More than seven weeks after Charleston County Council first decided the salaries of top employees should be disclosed by name on the county's website, the county on Friday posted the information.

Also Friday, the county fulfilled a more than seven-week-old public information request from The Post and Courier for salaries of all county employees.

Charleston County now has posted the salaries of the 435 employees who earn $50,000 or more. has published what the county pays all 2,676 employees.

The county's decision to post at least some salary information, as a step toward greater budget transparency, follows similar steps taken years ago by the state government. Some local South Carolina governments have gone another step, such as the city of Charleston, which posted all of its employee pay information online in March, a week after the initial County Council decision.

The county and the city, like many local governments, now also post online their budgets, monthly expenses, and annual audits.

County Councilman Paul Thurmond, who is running for Congress, first proposed that the county put salary information on the county's website. Some council members had concerns about his plan, and the council eventually decided to only post the salaries of those earning $50,000 or more, as the state government does.

The council also decided to let the elected officials who run some county offices decide whether to opt out of the public disclosure. None of them did, but when The Post and Courier posted some of the county's salary information online in March, there was a backlash against the county administration for releasing the information promptly.

The newspaper had requested all of the county's salary information, which it did not receive until Friday, but the newspaper was promptly given partial salary information March 12, and it was the release of that public information that prompted what County Council members have said were complaints from other elected officials.

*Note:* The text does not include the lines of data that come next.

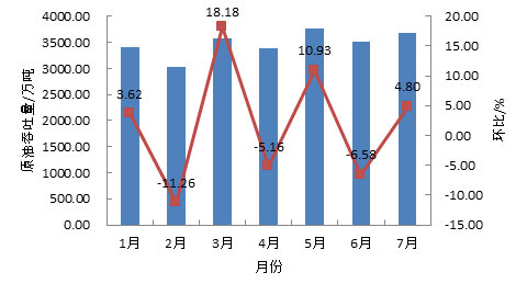7月原油产量小幅增加,进口保持较快增长,原油加工增速加快。根据国家统计局的数据,7月我国生产原油1731万吨,同比增长1.0%;进口原油4369万吨,同比增长17.0%;加工原油6313万吨,同比增长17.4%。1—7月,累计生产原油12237万吨,同比增长1.9%;累计进口原油32575万吨,同比增长12.4%;累计加工原油42671万吨,同比增长10.9%。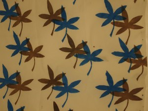 Turquoise – turkoosi Halusin tehdä kesäisen ja raikkaan värisen kankaan. Aluksi ajattelin tehdä jonkinlaisen kukan tai hedelmän kuvioksi, mutta päädyin abstraktiin kuvioon. Inspiraatiota hain netistä googlettamalla intialaistyylisiä kankaita. Tein työn käyttämällä sabluunatekniikkaa. Värin valitsin siksi, että turkoosi on tämänhetkinen lempivärini ja se sopi mielestäni hyvin kuvioon. Työ oli hiukan haastava, koska vaati tarkuutta ja keskittymistä saada kuviot kohdilleen. Se valmistui kuitenkin suhteellisen nopeasti. Kuviot olisivat voineet mennä paremminkin kohdalleen, mutta muuten kaikki onnistui. En ole vielä varma, mitä kankaasta teen, mutta varmaan annan sen lahjaksi kumipojalleni jossain muodossa. Jenni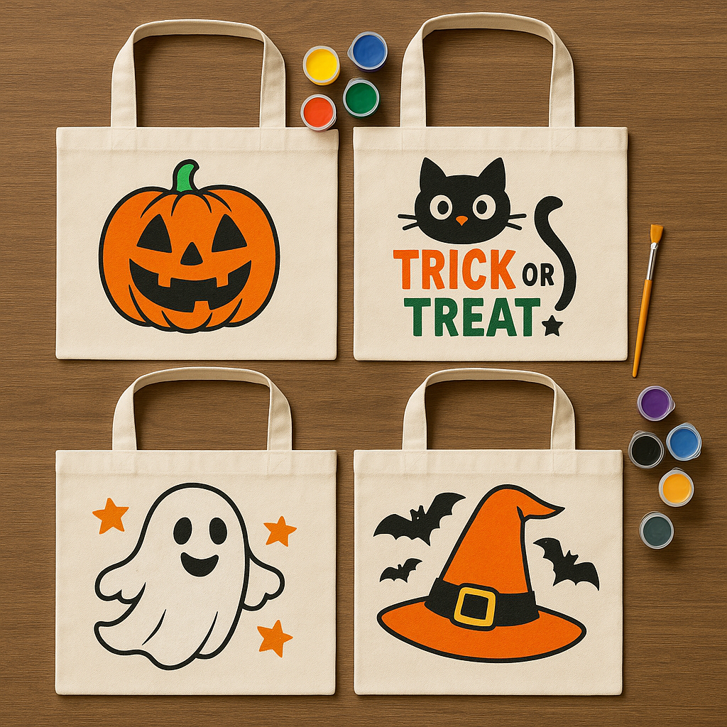 Get ready for some creative Halloween fun! Join us for our Kids and Family Tote Bag Painting Event, where participants can design and paint their very own Trick-or-Treat or Halloween tote bag.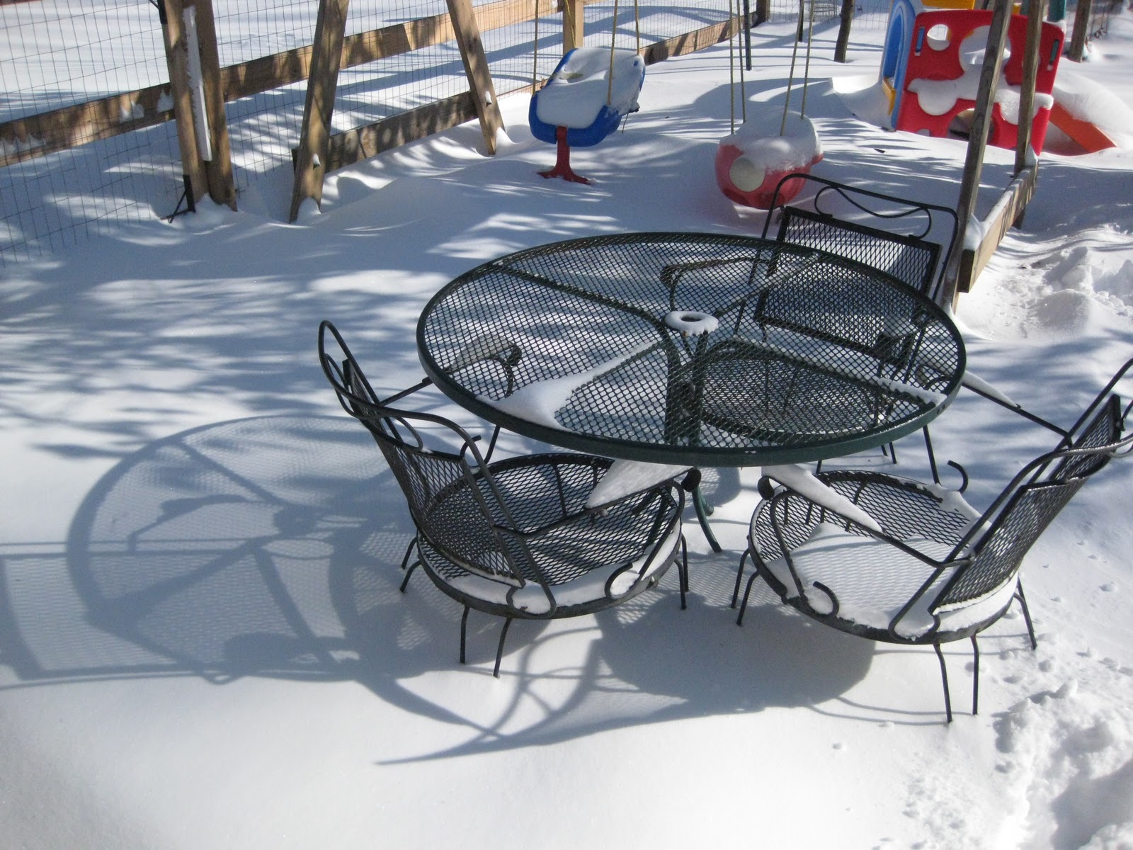 | Snow is only a couple inches below the seats of the chairs. |

Council Chairman Teddie Pryor said April 1 that he personally directed County Administrator Allen O'Neal to not immediately fulfill the newspaper's request for the remaining salary information.

"We had elected officials upset because they felt they weren't notified when they released the information (in March)," Pryor said last week. "They felt they weren't warned fairly, in time to warn their employees."

To learn just how upset the elected officials were, and why, The Post and Courier has requested all of the correspondence and e-mails to and from the county administrator and public information officer on that subject.

The county has said the disclosure of salary information has resulted in questions from some employees about what they are paid relative to co-workers.

The county is considering conducting a salary review in response.